Input data —
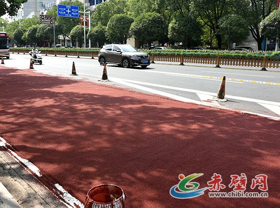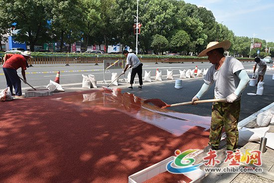 赤壁網(wǎng)消息(記者 聶愛(ài)陽(yáng))先往地面倒上攪拌均勻的膠粘劑,用推水器推平;再往上撒上陶瓷顆粒,用鐵鏟抹勻。頃刻間,一條嶄新的紅色防滑車道就這樣鋪就而成。8月6日,在赤壁市沿河大道,工人們正在緊張鋪設(shè)紅色防滑車道。
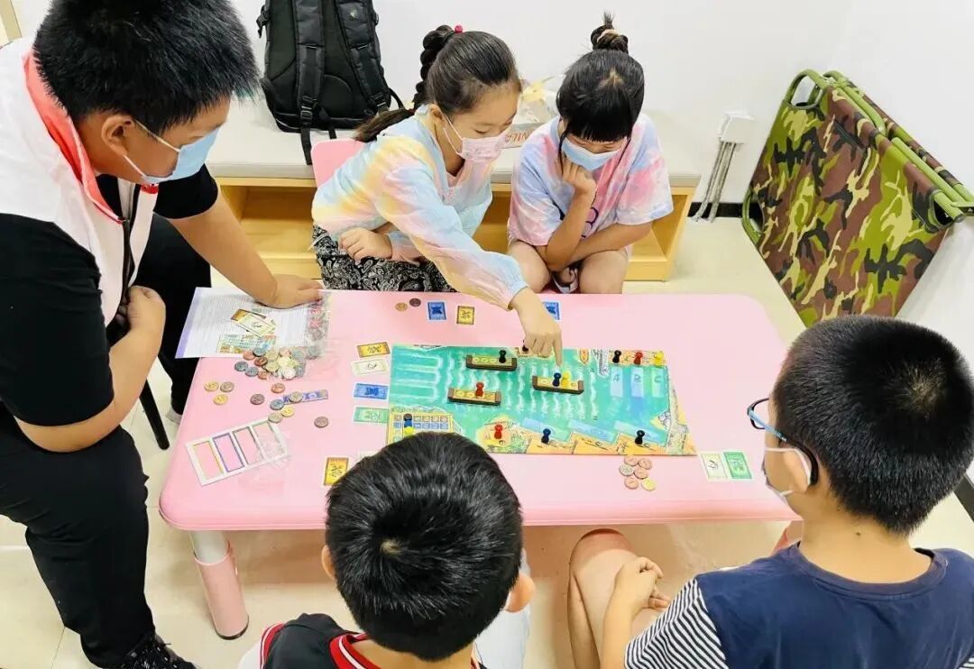 课程内容包括知识讲解、思维游戏和桌面逻辑思维游戏。授课老师以提问的方式将孩子们引入课程内容,大家积极讨论,纷纷提出自己的想法,课堂气氛轻松活跃。在《马尼拉》桌面游戏环节,孩子们在老师的引导下思考如何“排兵布阵”、平衡利益,随着其他人决策的变化,每个人都及时调整自己的策略。通过游戏锻炼了孩子们的思维能力、决策力以及合作能力。
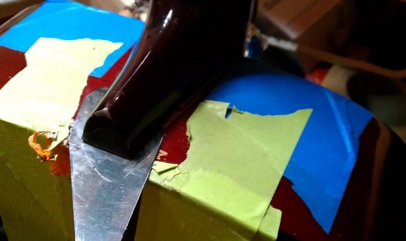 Szépen megmelegítettük a fogólapot, hogy a ragasztó engedjen, és a széles lapú pengével óvatosan, több lépésben alányúlva elkezdtük szétválasztani, ez több melegítés-vágás-feszítés ciklussal történt és sikerült is anélkül, hogy megsérült volna a fényezés, amit persze körülötte leragasztottunk előtte.
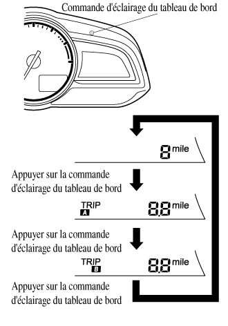 Lorsque le compteur journalier A est sélectionné, si l'on appuie sur la commande d'éclairage du tableau de bord de nouveau à moins d'une seconde cela changera l'affichage au compteur journalier B.

Problem to solve —
Everything from the line with "课程内容包括知识讲解、思维游" down to the line with "Szépen megmelegítettük a" in the data above should be copied exactly, with both end lines kept and the pictures left out.

Your response —
 课程内容包括知识讲解、思维游戏和桌面逻辑思维游戏。授课老师以提问的方式将孩子们引入课程内容,大家积极讨论,纷纷提出自己的想法,课堂气氛轻松活跃。在《马尼拉》桌面游戏环节,孩子们在老师的引导下思考如何“排兵布阵”、平衡利益,随着其他人决策的变化,每个人都及时调整自己的策略。通过游戏锻炼了孩子们的思维能力、决策力以及合作能力。
 Szépen megmelegítettük a fogólapot, hogy a ragasztó engedjen, és a széles lapú pengével óvatosan, több lépésben alányúlva elkezdtük szétválasztani, ez több melegítés-vágás-feszítés ciklussal történt és sikerült is anélkül, hogy megsérült volna a fényezés, amit persze körülötte leragasztottunk előtte.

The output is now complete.